= Lou Zivkovich =

Canadian football player

Lou Zivkovich was a defensive end for the Calgary Stampeders in the Canadian Football League (CFL). He is widely known for appearing as the July 1974 centerfold in Playgirl at the age of 33.

==Early life==
Zivkovic is the son of Canadian immigrants. He attended the University of Miami where he received a degree in Physical Education and English.

==Playgirl pictorial==
In this photo spread, (taken during an expense paid trip to Hawaii), the muscular and hirsute Zivkovich displayed his 6'4" 216 lb. physique—46" chest and 35" waist—in a series of shots which consistently featured full-frontal nudity.

Copies of the magazine quickly became something of a collector's item and even sparked brief talk of an acting career for Zivkovich. (He played a supporting role in an episode of McMillan and Wife, which aired on October 26, 1975.)

However, there were unfortunate ramifications. The high school in Apple Valley, California, where Zivkovich worked as a physical education teacher fired him, charging that his appearance in a nude centerfold showed he was not a proper role model for students.
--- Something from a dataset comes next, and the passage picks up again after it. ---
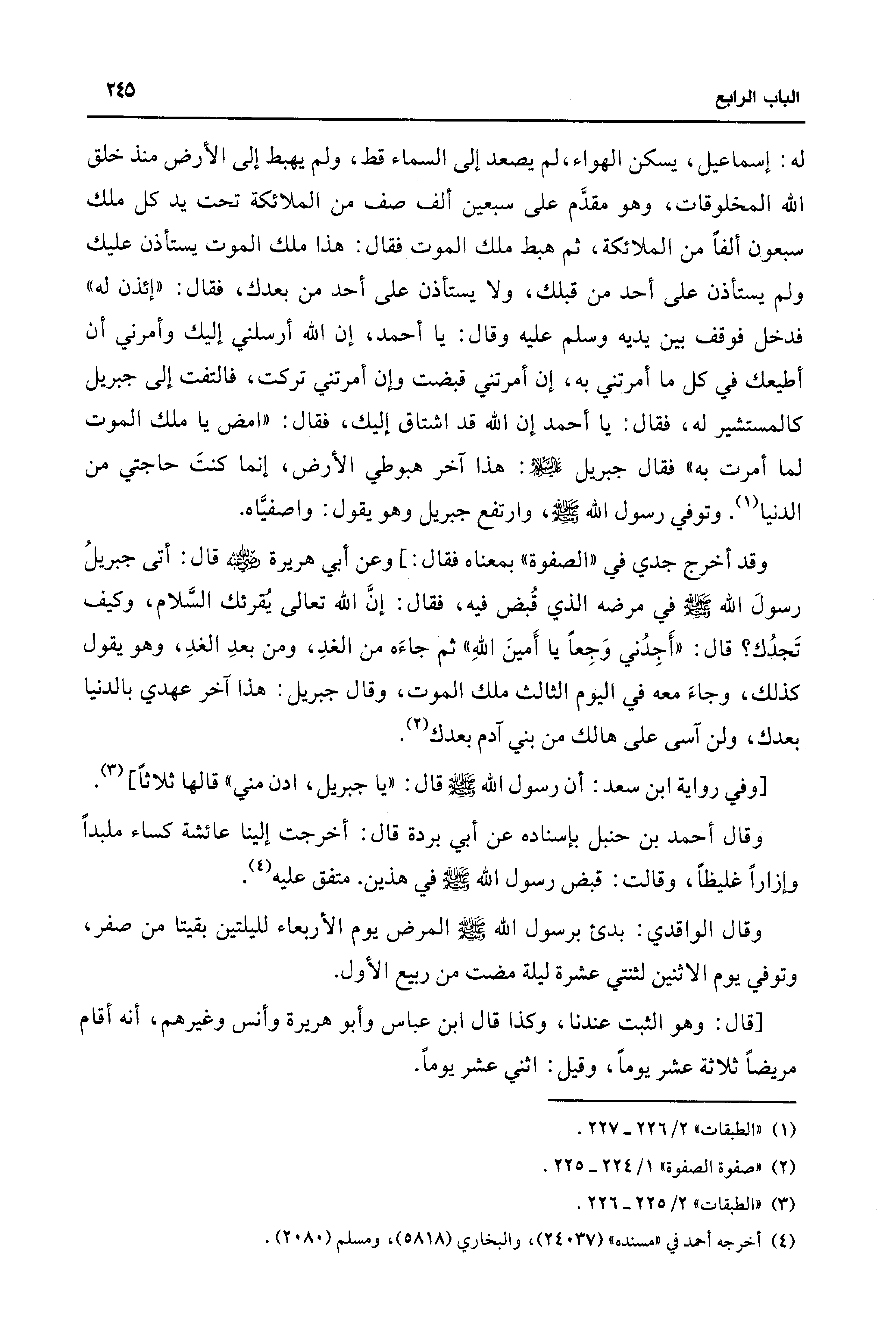 وقد أخرج جدي في "الصفوة" بمعناه فقال: ] وعن أبي هريرة - رضي الله عنه - قال: أتى جبريلُ رسولَ الله - صلى الله عليه وسلم - في مرضه الذي قُبض فيه، فقال: إنَّ الله تعالى يُقرئك السَّلام، وكيف تَجدُك؟ قال: "أَجِدُني وَجِعًا يا أَمينَ اللهِ" ثم جاءَه من الغدِ، ومن بعدِ الغدِ، وهو يقول كذلك، وجاءَ معه في اليوم الثالث ملك الموت، وقال جبريل: هذا آخر عهدي بالدنيا بعدك، ولن آسى على هالك من بني آدم بعدك (¬2).

Many students as well as fellow teachers then came to the defense of Zivkovich, who stated: "I don't see anything wrong with a nude body that is a work of art." The case went to a state appeals panel which admonished Zivkovich for a "mistake in judgment" but ruled in March 1975 that he could not be fired.

One year later, in March 1976, Zivkovich—along with a bevy of musclemen—appeared with Mae West in a TV special titled "Dick Cavett's Backlot USA." Mae West's biographer, Simon Louvish, describes Zivkovich at this point as being Mae West's "frequent escort."